§ **Exercise details**: Start the copy at the line holding "de ebullición 125mL" and continue it exactly through the last line of the entries, leaving out pictures and anything else.
- - -
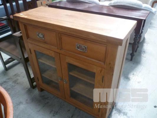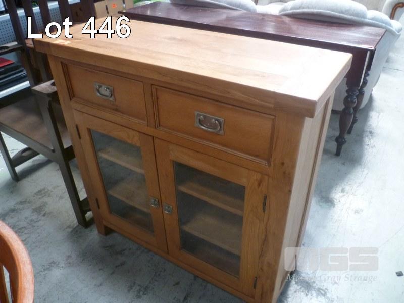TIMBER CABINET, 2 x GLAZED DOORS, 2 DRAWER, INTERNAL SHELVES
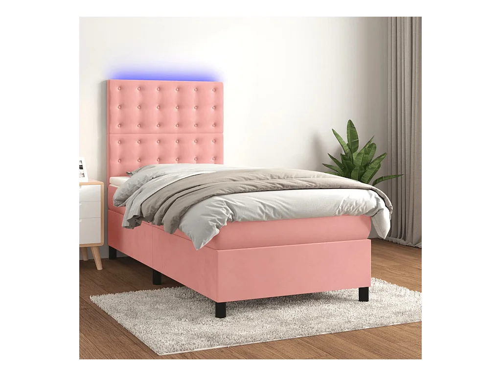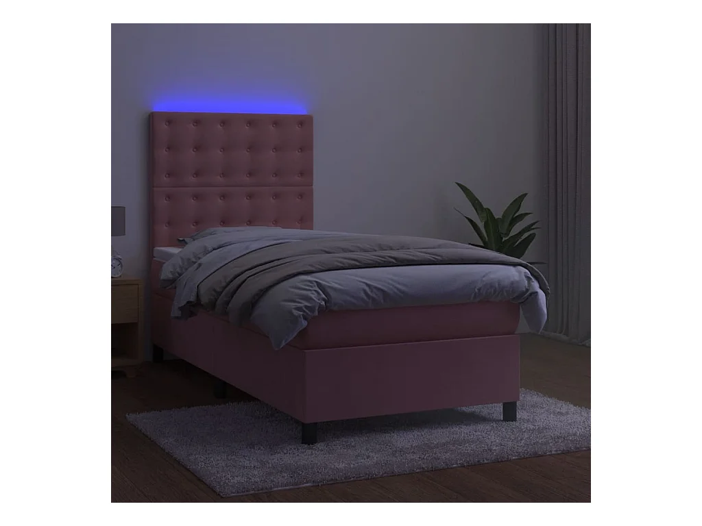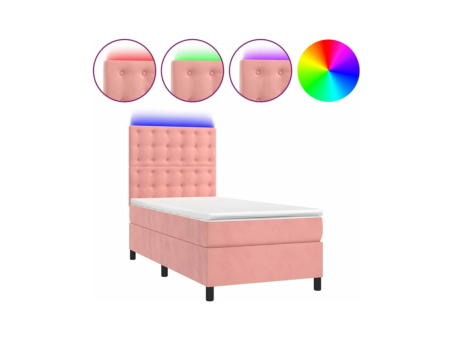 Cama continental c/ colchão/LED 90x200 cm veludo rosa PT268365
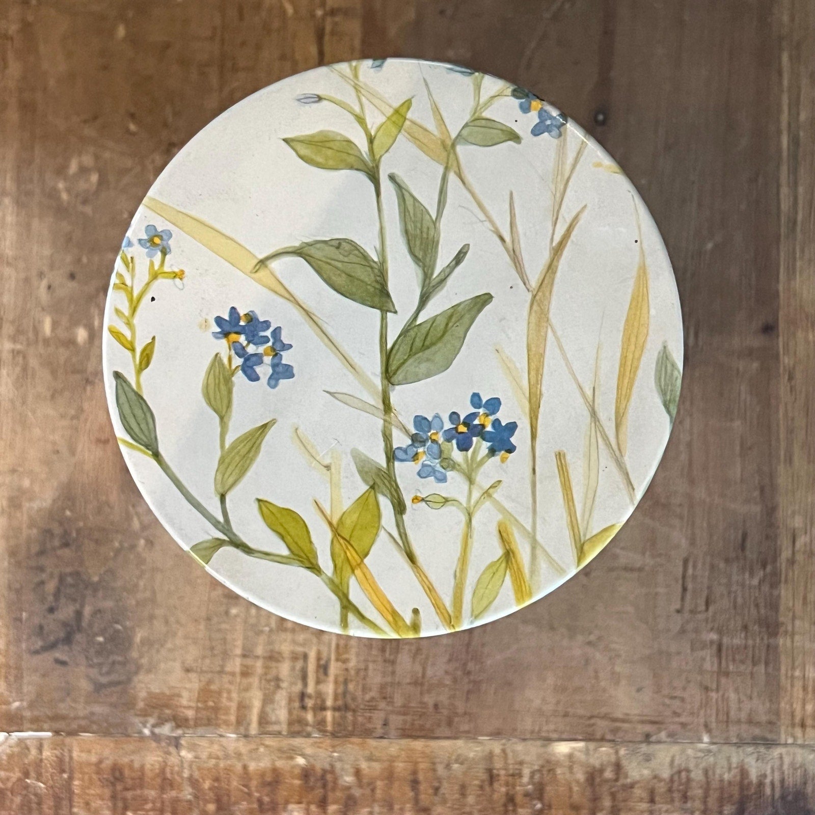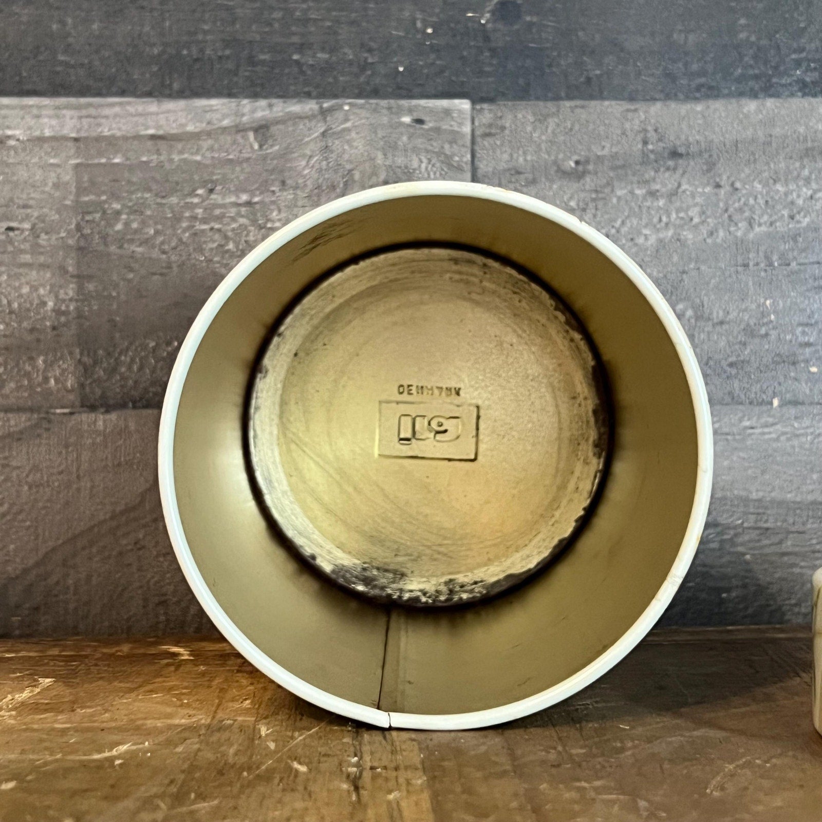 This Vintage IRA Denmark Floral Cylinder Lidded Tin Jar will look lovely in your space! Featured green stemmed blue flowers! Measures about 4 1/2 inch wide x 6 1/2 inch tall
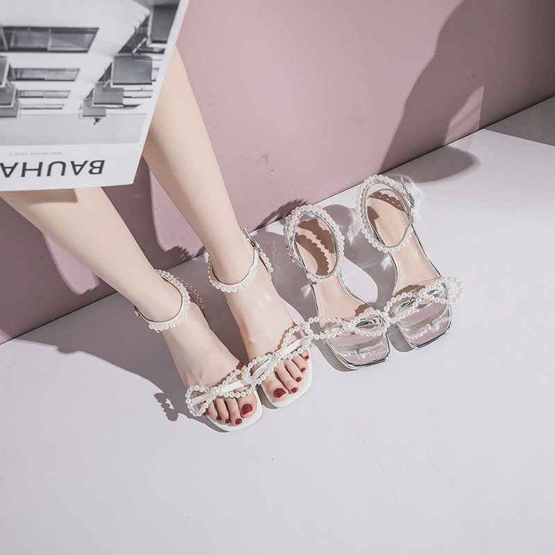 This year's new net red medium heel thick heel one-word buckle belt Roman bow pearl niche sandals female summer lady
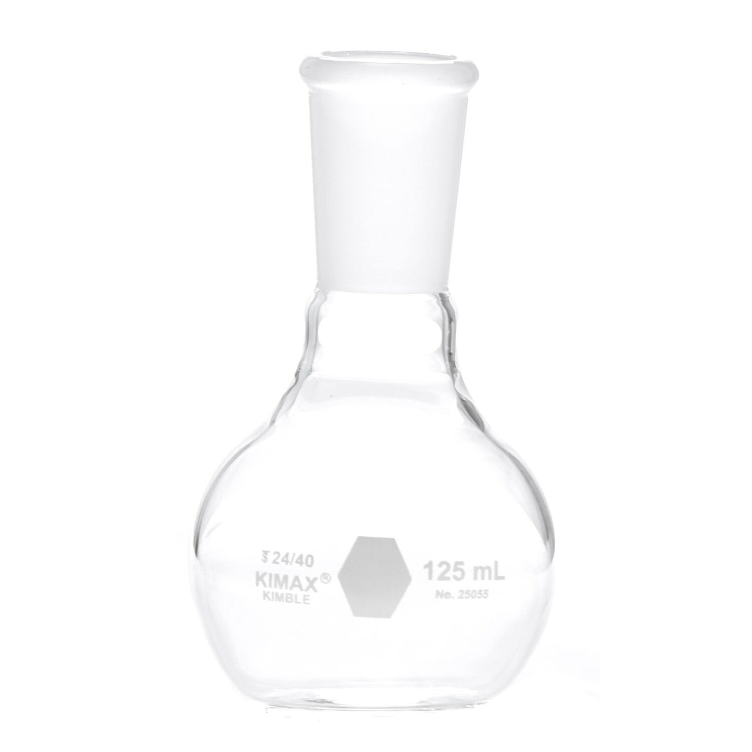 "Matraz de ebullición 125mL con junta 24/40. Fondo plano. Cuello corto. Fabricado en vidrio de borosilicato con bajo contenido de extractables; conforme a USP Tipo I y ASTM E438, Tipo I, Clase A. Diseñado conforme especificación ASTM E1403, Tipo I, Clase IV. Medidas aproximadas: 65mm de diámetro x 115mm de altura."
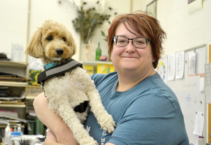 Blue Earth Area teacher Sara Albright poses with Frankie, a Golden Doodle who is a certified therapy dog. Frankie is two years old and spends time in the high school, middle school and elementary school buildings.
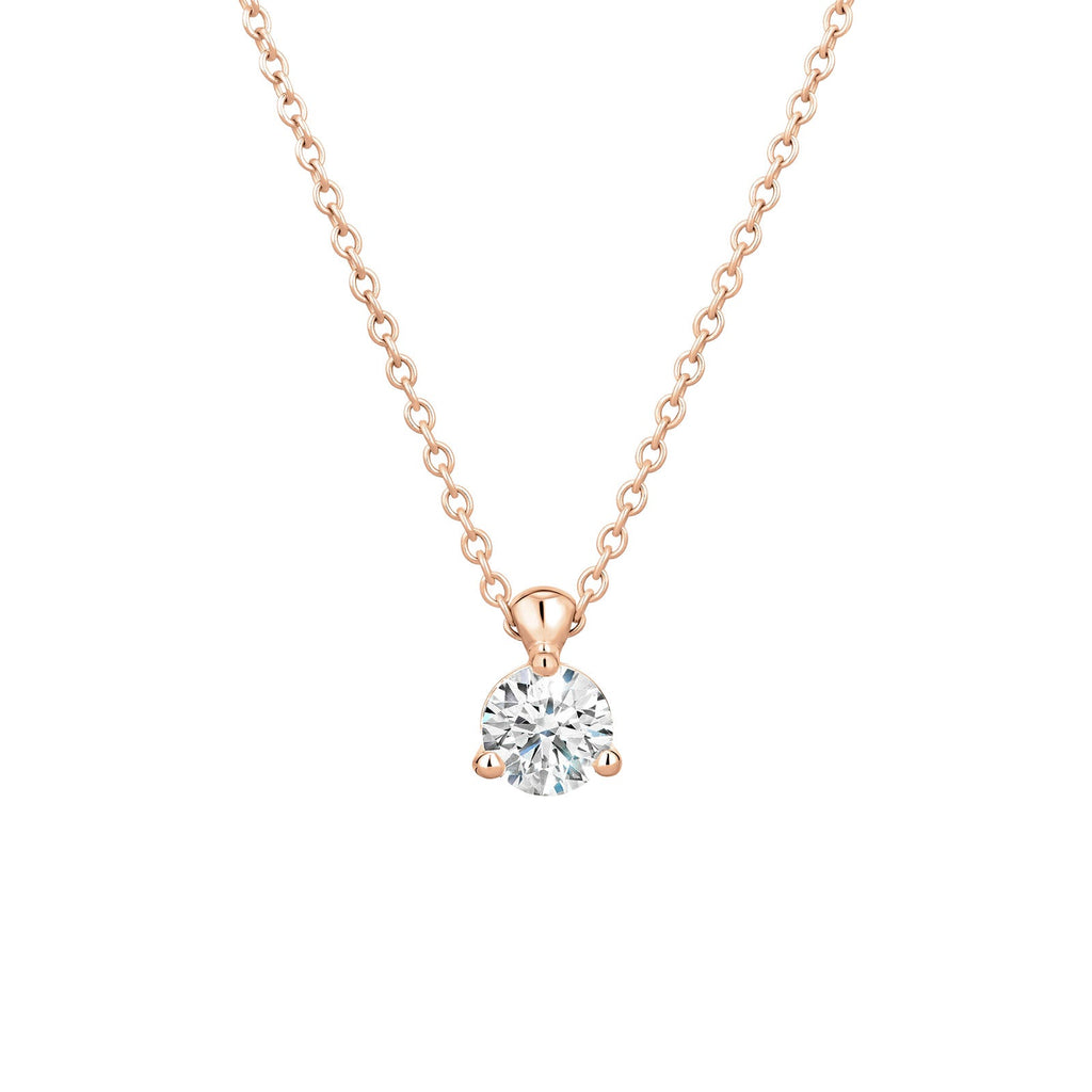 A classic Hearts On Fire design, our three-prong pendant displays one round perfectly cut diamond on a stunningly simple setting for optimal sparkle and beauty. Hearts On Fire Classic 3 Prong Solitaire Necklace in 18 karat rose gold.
- - -
§ **Output of the exercise**:
 "Matraz de ebullición 125mL con junta 24/40. Fondo plano. Cuello corto. Fabricado en vidrio de borosilicato con bajo contenido de extractables; conforme a USP Tipo I y ASTM E438, Tipo I, Clase A. Diseñado conforme especificación ASTM E1403, Tipo I, Clase IV. Medidas aproximadas: 65mm de diámetro x 115mm de altura."
 Blue Earth Area teacher Sara Albright poses with Frankie, a Golden Doodle who is a certified therapy dog. Frankie is two years old and spends time in the high school, middle school and elementary school buildings.
 A classic Hearts On Fire design, our three-prong pendant displays one round perfectly cut diamond on a stunningly simple setting for optimal sparkle and beauty. Hearts On Fire Classic 3 Prong Solitaire Necklace in 18 karat rose gold.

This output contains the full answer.